THE TASK ▸
The lines below from the one with "High-Quality Women's Sherpa" up to and including the one with "为进一步做好2022届毕业生" are what you should set down, exactly and without pictures.

ENTRIES PROVIDED ▸
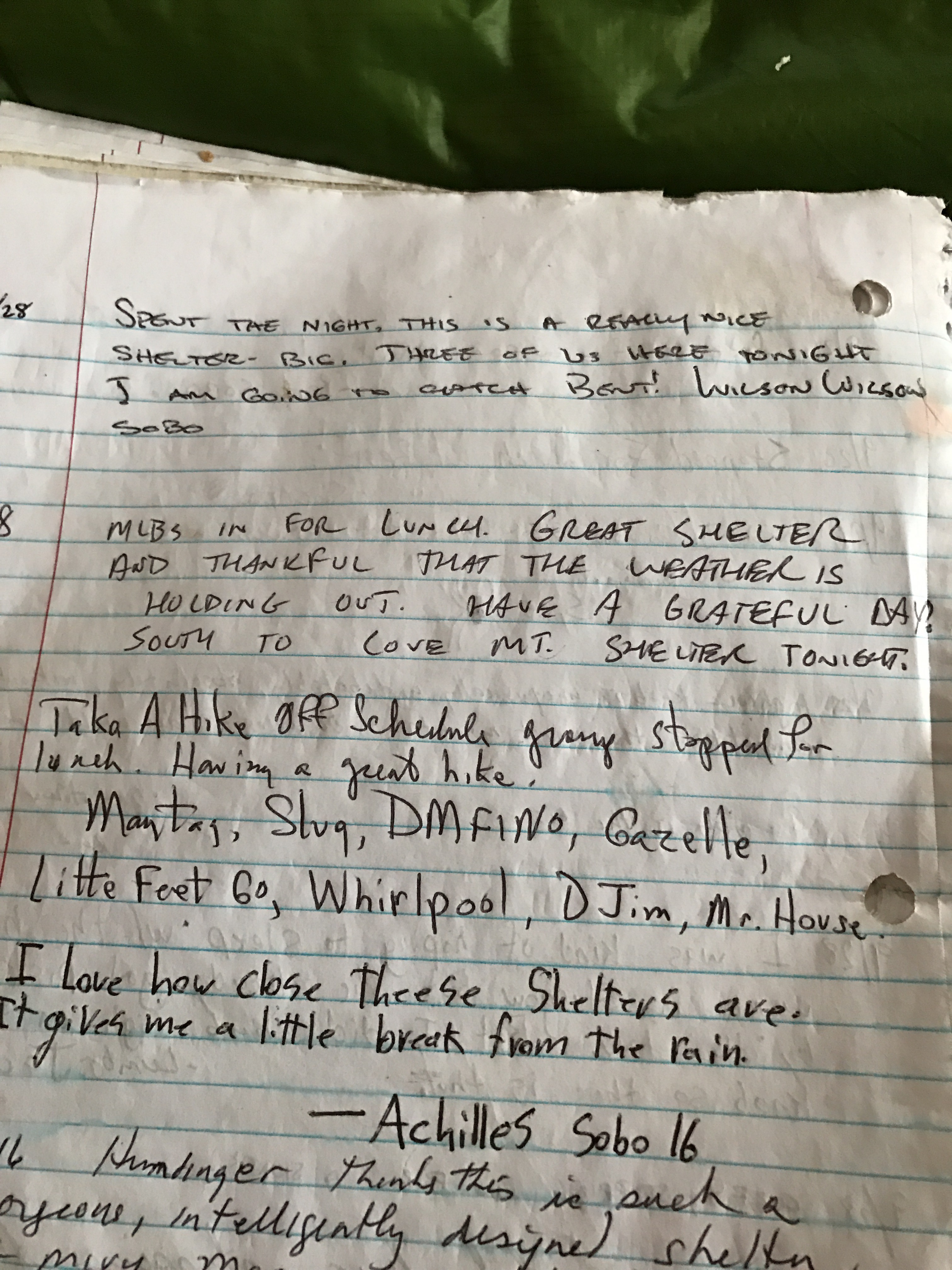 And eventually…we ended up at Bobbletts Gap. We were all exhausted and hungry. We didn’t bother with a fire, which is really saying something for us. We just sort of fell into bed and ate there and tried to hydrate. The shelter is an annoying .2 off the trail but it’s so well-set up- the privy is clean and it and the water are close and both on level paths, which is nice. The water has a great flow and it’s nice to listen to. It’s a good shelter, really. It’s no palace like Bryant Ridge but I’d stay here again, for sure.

...

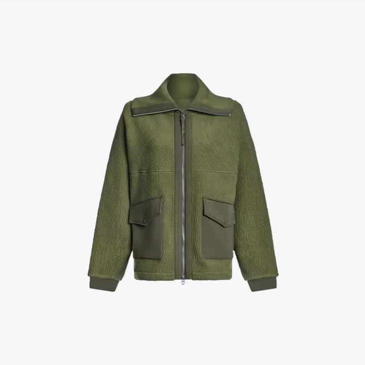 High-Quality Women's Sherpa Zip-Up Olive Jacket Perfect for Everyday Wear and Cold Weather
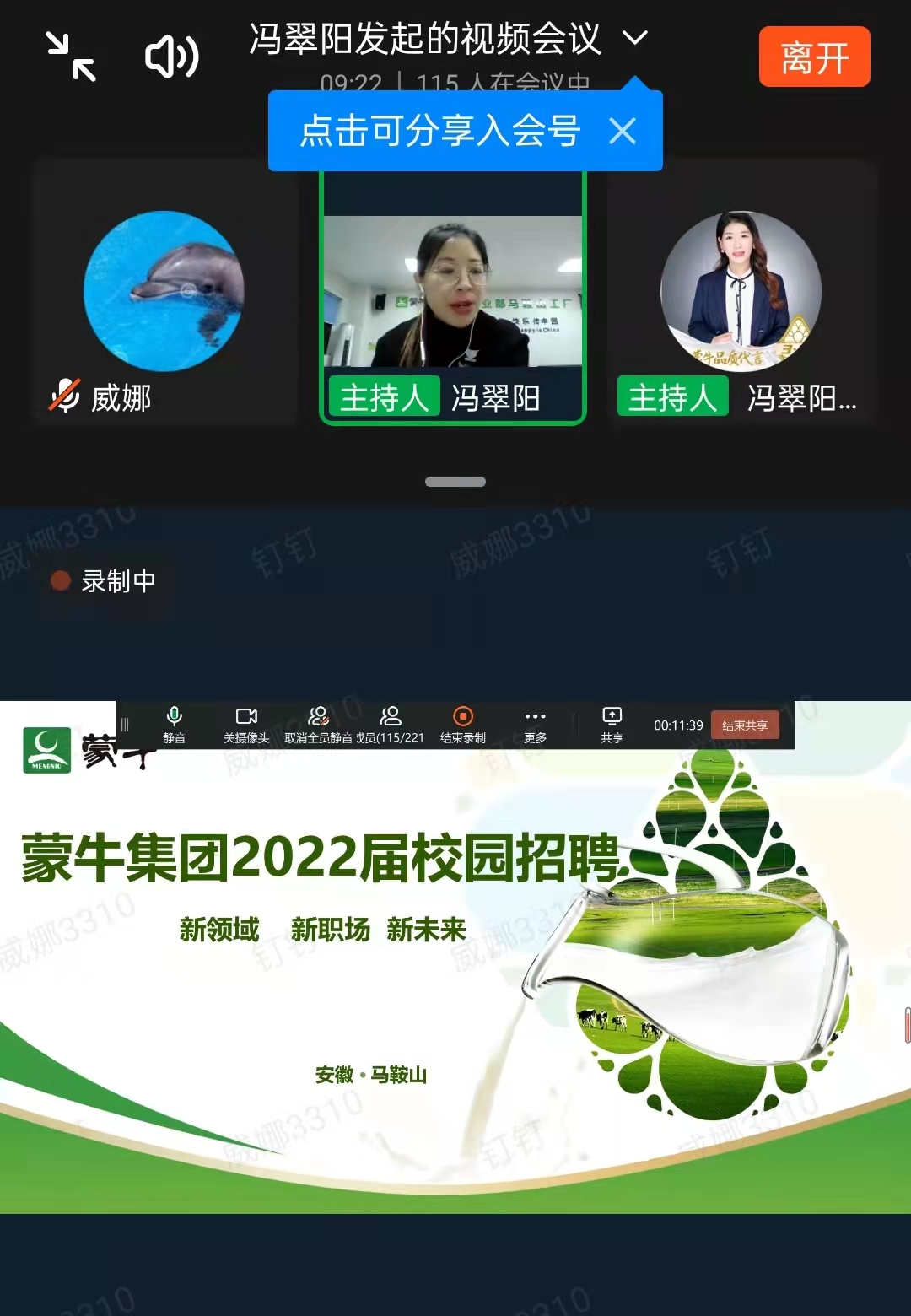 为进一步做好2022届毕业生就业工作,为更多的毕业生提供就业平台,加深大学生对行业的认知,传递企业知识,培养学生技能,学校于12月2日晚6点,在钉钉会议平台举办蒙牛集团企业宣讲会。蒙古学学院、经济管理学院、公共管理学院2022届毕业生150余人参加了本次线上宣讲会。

OUTPUT OF THE EXERCISE ▸
 High-Quality Women's Sherpa Zip-Up Olive Jacket Perfect for Everyday Wear and Cold Weather
 为进一步做好2022届毕业生就业工作,为更多的毕业生提供就业平台,加深大学生对行业的认知,传递企业知识,培养学生技能,学校于12月2日晚6点,在钉钉会议平台举办蒙牛集团企业宣讲会。蒙古学学院、经济管理学院、公共管理学院2022届毕业生150余人参加了本次线上宣讲会。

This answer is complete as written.